С тех пор прошло двадцать семь лет, но в этот миг переулками Акко я опять иду к морю, и все наново и опять разворачивается напряжением нашего взаимного сближения; вдали друг от друга мы оба как бы расслаблены, дремотно однообразны; но вот я приближаюсь к берегу, расставаясь с мелкими подробностями домов, переулков, улиц, лиц, остаюсь один на один с четырьмя стихиями – водой, землей, небом, солнцем, все чувства обостряются, всякая мелочь в пространстве, уже увиденном и исхоженном, разряжается целыми валами новых образов и ассоциаций, как и само море, словно бы замершее вдали, в ста метрах от берега начинает пробуждаться, слепо пялить белки волн, тянуть ко мне пенисто выкатываемые шипящие на песке шлейфы. Активная зона – зона нашего соприкосновения: иду вдоль волн.
Облако превратилось в аспидно-черную залежь.
Грандиозная феерия разыгрывается на акватории – солнце, пробиваясь в щели облака, шатром четко обозначенных лучей, как светящаяся многоножка шагает по водам, и все корабли на горизонте ослепительно белы на темных развалах вод и неба, и рокот волн усиливается, а берег по-прежнему тих, на пустом вразлет пространстве по-домашнему стоит одинокий стул, парень запускает змея, пес лает на взлетающее бумажное чудище, парочка идет в обнимку, и небо в глубь суши чистое, задумчиво-голубое.
Вдруг солнце сразу и во всю силу послеполуденного своего света выпрастывается из залежи и ударяет в затылки вмиг ослепших волн, и летят они кувырком на берег.

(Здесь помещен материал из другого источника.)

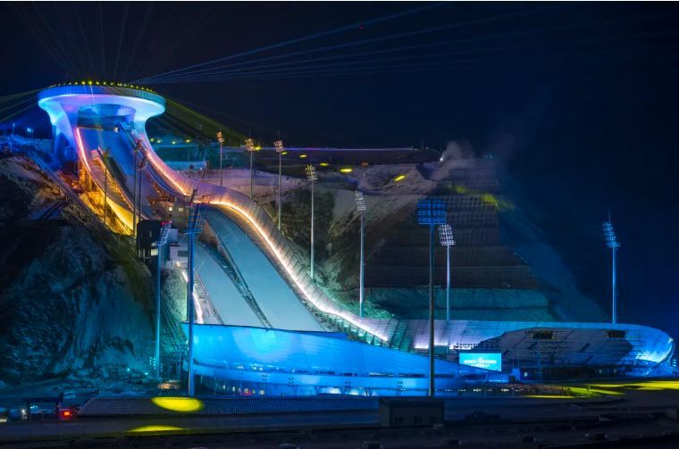 ↑位于河北省張家口市崇禮區(qū)的國(guó)家跳臺(tái)滑雪中心別名“雪如意”,是北京冬奧會(huì)的主要比賽場(chǎng)館之一。主體建筑靈感來(lái)自中國(guó)傳統(tǒng)飾物“如意”,實(shí)現(xiàn)了建筑設(shè)計(jì)和中國(guó)傳統(tǒng)文化的有機(jī)結(jié)合,也是2022年北京冬奧會(huì)張家口賽區(qū)工程量最大、技術(shù)難度最高的競(jìng)賽場(chǎng)館。這是“雪如意”夜間燈光點(diǎn)亮效果(無(wú)人機(jī)照片,2020年12月19日攝)。新華社發(fā)

Залежь на глазах распадается на отдельные облака диковинных очертаний, куда поочередно вплывает солнце.
Стоя у кромки вод, окуная ноги в плоско набегающую пену, гляжу на цепь облаков-ламп в небе, вспоминаю Цфат в горах Галилеи, совсем недалеко отсюда, за моей спиной. Лес керосиновых ламп, дикой растительностью свисающий с потолка местного музея, из окна которого виден весь Цфат и купол могилы рабби Шимона бар-Йохая у подножья горы Мерон.
Лампы всевозможных форм.
Причудливо слепые нетопыри отпылавших ночей в тех землях, где развеян по ветру прах шести миллионов.
Осколки метеоритов с погасшего созвездия, некогда мерцавшего в забвенных далях Польши и Галиции, Подолья и Бессарабии, Белой и Малой России.
Мертвые головешки – они когда-то лучили свет, очерчивая такой хрупкий и призрачный круг уюта среди завихрений метелей и войн.
Бывает день среди однообразия недель и месяцев – перекошенный от груза воспоминаний внезапно развернется головокружительной воронкой, как этот, сегодняшний, в Акко, способный выпростать из брюха времени в течение считанных часов от восхода до заката десять лет жизни двадцатисемилетней давности, перекошенный и отягченный, как огромный оползень, только и ждущий слабого толчка, чтобы начать рушиться, сбивая с ног и лишая дыхания, и толчком этим – Акко, Акра, древняя и таинственная земля Птолемаис…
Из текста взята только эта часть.